DATA SHOWN |

^^^^^^^^^^^^^^^^

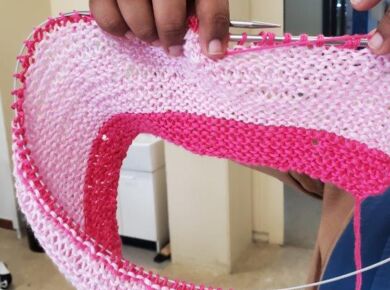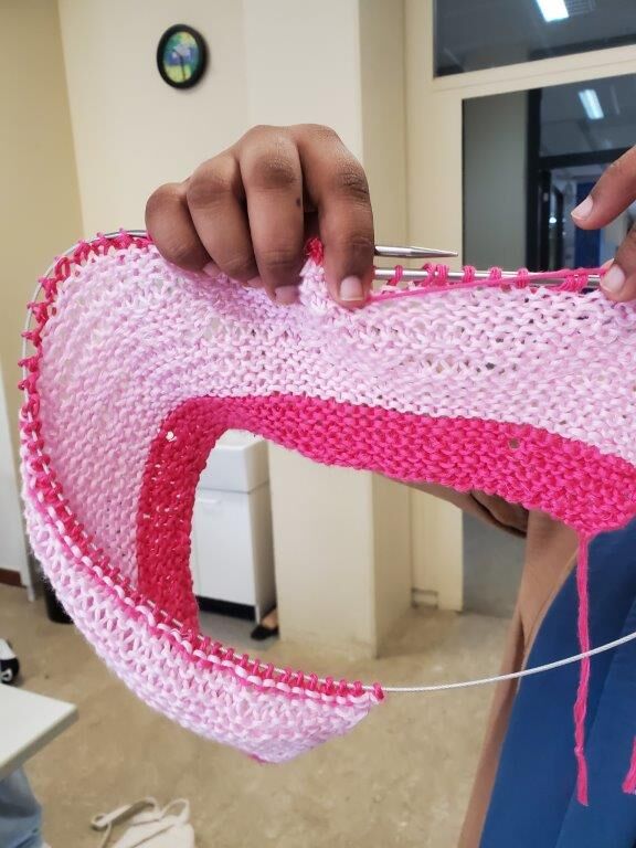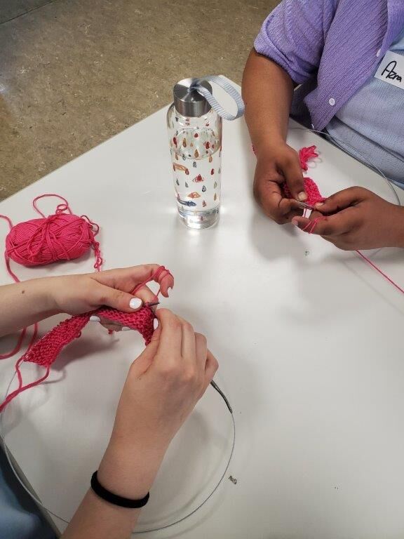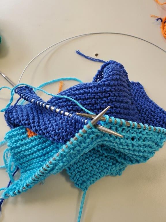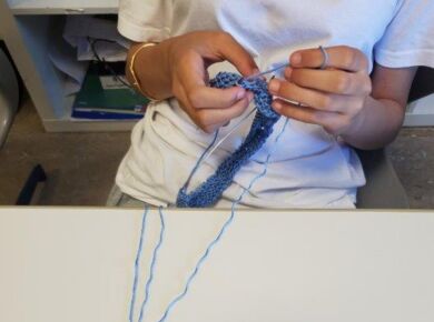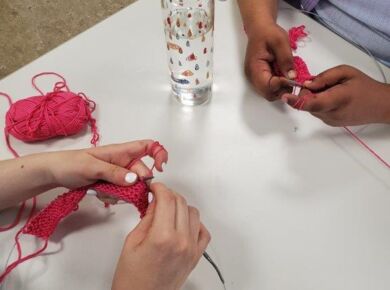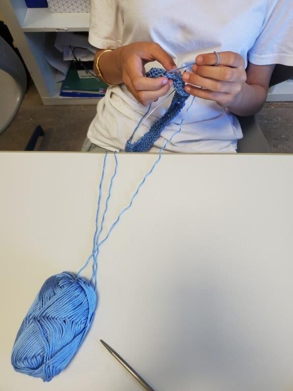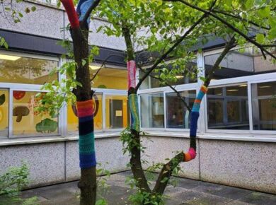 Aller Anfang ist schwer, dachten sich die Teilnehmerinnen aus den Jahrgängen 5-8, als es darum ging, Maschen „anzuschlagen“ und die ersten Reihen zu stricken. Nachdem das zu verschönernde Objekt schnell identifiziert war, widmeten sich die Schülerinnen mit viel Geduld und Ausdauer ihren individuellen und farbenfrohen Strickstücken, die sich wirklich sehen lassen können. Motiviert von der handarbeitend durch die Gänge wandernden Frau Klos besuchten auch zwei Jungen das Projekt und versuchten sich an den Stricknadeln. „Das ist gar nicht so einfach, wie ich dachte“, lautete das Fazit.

^^^^^^^^^^^^^^^^

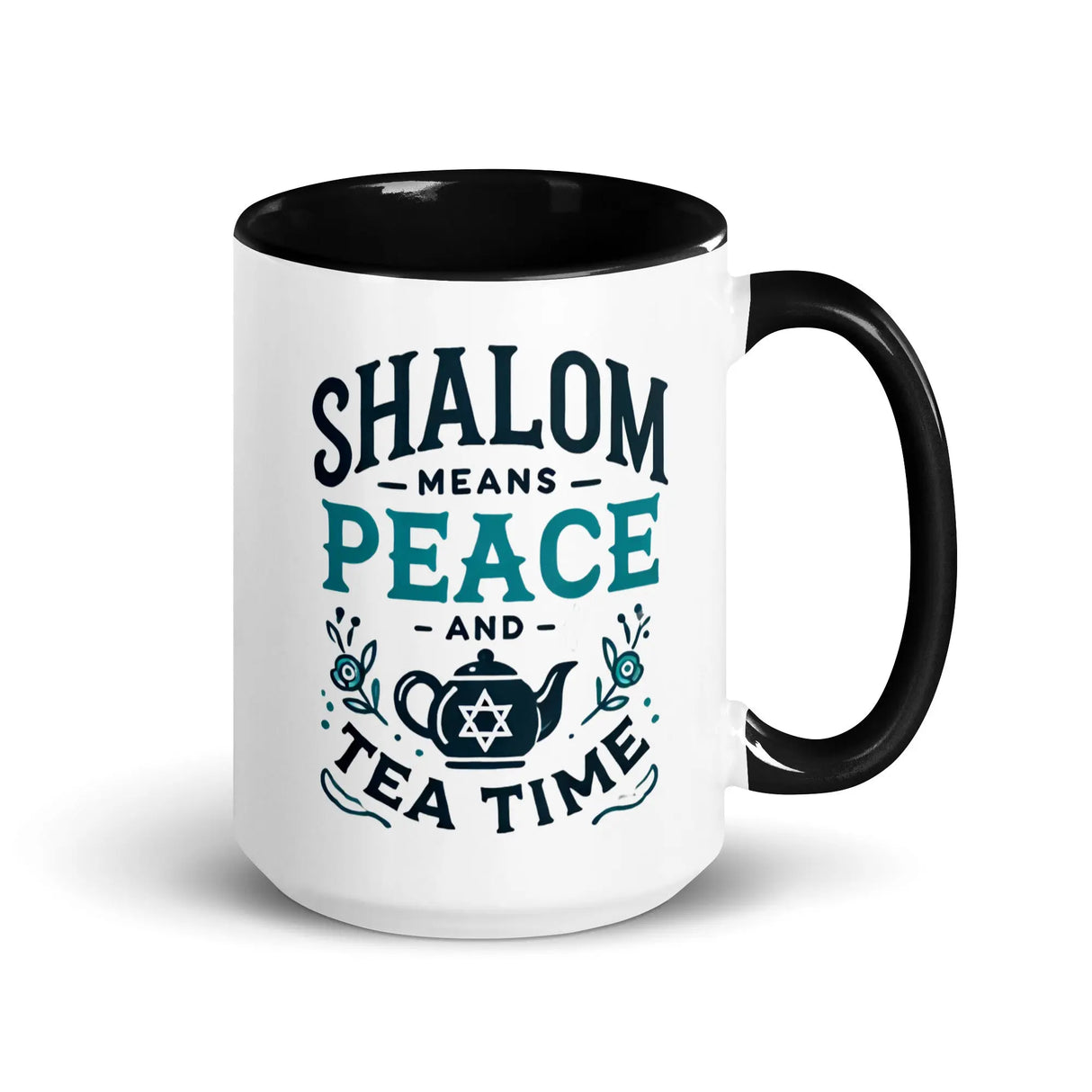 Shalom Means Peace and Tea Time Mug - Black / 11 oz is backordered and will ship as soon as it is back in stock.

^^^^^^^^^^^^^^^^

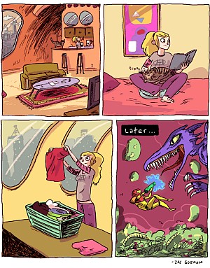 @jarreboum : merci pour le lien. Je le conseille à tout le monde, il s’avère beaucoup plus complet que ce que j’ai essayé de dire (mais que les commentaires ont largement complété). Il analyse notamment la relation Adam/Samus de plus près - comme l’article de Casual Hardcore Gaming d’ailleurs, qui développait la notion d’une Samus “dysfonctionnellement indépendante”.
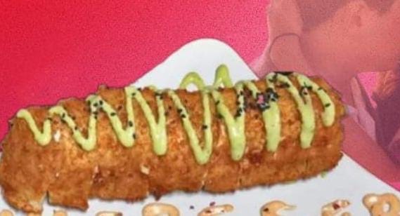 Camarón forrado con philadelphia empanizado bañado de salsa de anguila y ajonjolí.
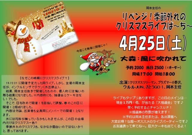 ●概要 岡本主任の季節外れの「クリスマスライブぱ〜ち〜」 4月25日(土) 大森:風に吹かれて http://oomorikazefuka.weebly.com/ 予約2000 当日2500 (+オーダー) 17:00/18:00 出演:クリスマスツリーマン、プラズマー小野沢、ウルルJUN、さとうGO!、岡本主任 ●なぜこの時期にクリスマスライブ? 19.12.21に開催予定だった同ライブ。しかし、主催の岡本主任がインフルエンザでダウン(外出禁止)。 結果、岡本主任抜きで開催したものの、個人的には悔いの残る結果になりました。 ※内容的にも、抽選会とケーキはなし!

^^^^^^^^^^^^^^^^

THE PROBLEM | Could you repeat, exactly, only the lines above starting at the one that has "merci pour le" and stopping after the one that has "岡本主任の季節外れの「クリスマスライブぱ〜ち〜」 4月25日(土) 大森:風に吹かれて", without the pictures?

TASK SOLUTION |
 @jarreboum : merci pour le lien. Je le conseille à tout le monde, il s’avère beaucoup plus complet que ce que j’ai essayé de dire (mais que les commentaires ont largement complété). Il analyse notamment la relation Adam/Samus de plus près - comme l’article de Casual Hardcore Gaming d’ailleurs, qui développait la notion d’une Samus “dysfonctionnellement indépendante”.
 Camarón forrado con philadelphia empanizado bañado de salsa de anguila y ajonjolí.
 ●概要 岡本主任の季節外れの「クリスマスライブぱ〜ち〜」 4月25日(土) 大森:風に吹かれて http://oomorikazefuka.weebly.com/ 予約2000 当日2500 (+オーダー) 17:00/18:00 出演:クリスマスツリーマン、プラズマー小野沢、ウルルJUN、さとうGO!、岡本主任 ●なぜこの時期にクリスマスライブ? 19.12.21に開催予定だった同ライブ。しかし、主催の岡本主任がインフルエンザでダウン(外出禁止)。 結果、岡本主任抜きで開催したものの、個人的には悔いの残る結果になりました。 ※内容的にも、抽選会とケーキはなし!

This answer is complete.